▸ **Task to complete**
Each line below should be written out exactly, with none skipped.

Stored records
-------------------------
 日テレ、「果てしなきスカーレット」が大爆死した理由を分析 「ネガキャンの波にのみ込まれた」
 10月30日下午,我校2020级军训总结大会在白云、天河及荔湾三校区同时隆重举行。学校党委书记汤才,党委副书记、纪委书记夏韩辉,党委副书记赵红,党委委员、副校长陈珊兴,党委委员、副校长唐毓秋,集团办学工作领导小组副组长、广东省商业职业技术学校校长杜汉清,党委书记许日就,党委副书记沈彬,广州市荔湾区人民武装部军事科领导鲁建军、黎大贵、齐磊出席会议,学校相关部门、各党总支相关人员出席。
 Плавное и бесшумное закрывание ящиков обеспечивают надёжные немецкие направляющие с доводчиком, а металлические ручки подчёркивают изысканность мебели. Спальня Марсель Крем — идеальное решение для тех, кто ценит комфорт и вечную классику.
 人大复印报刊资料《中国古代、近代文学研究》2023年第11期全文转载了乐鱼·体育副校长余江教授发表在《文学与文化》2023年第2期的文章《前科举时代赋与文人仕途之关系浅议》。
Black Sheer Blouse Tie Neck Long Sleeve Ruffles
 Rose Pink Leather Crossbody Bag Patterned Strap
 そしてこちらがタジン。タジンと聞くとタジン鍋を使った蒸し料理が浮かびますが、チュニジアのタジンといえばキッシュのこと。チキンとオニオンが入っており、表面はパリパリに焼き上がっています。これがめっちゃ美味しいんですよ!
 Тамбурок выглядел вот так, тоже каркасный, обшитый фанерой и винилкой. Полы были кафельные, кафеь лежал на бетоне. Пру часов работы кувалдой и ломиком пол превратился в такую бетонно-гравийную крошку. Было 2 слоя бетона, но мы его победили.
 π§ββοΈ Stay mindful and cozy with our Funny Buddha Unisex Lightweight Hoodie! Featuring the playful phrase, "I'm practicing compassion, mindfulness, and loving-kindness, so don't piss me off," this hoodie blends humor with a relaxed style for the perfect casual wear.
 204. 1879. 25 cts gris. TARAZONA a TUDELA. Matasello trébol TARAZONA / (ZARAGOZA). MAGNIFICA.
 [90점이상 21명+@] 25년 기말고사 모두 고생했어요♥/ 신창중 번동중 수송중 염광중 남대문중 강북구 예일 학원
-------------------------
▸ **Worked solution**
 日テレ、「果てしなきスカーレット」が大爆死した理由を分析 「ネガキャンの波にのみ込まれた」
 10月30日下午,我校2020级军训总结大会在白云、天河及荔湾三校区同时隆重举行。学校党委书记汤才,党委副书记、纪委书记夏韩辉,党委副书记赵红,党委委员、副校长陈珊兴,党委委员、副校长唐毓秋,集团办学工作领导小组副组长、广东省商业职业技术学校校长杜汉清,党委书记许日就,党委副书记沈彬,广州市荔湾区人民武装部军事科领导鲁建军、黎大贵、齐磊出席会议,学校相关部门、各党总支相关人员出席。
 Плавное и бесшумное закрывание ящиков обеспечивают надёжные немецкие направляющие с доводчиком, а металлические ручки подчёркивают изысканность мебели. Спальня Марсель Крем — идеальное решение для тех, кто ценит комфорт и вечную классику.
 人大复印报刊资料《中国古代、近代文学研究》2023年第11期全文转载了乐鱼·体育副校长余江教授发表在《文学与文化》2023年第2期的文章《前科举时代赋与文人仕途之关系浅议》。
Black Sheer Blouse Tie Neck Long Sleeve Ruffles
 Rose Pink Leather Crossbody Bag Patterned Strap
 そしてこちらがタジン。タジンと聞くとタジン鍋を使った蒸し料理が浮かびますが、チュニジアのタジンといえばキッシュのこと。チキンとオニオンが入っており、表面はパリパリに焼き上がっています。これがめっちゃ美味しいんですよ!
 Тамбурок выглядел вот так, тоже каркасный, обшитый фанерой и винилкой. Полы были кафельные, кафеь лежал на бетоне. Пру часов работы кувалдой и ломиком пол превратился в такую бетонно-гравийную крошку. Было 2 слоя бетона, но мы его победили.
 π§ββοΈ Stay mindful and cozy with our Funny Buddha Unisex Lightweight Hoodie! Featuring the playful phrase, "I'm practicing compassion, mindfulness, and loving-kindness, so don't piss me off," this hoodie blends humor with a relaxed style for the perfect casual wear.
 204. 1879. 25 cts gris. TARAZONA a TUDELA. Matasello trébol TARAZONA / (ZARAGOZA). MAGNIFICA.
 [90점이상 21명+@] 25년 기말고사 모두 고생했어요♥/ 신창중 번동중 수송중 염광중 남대문중 강북구 예일 학원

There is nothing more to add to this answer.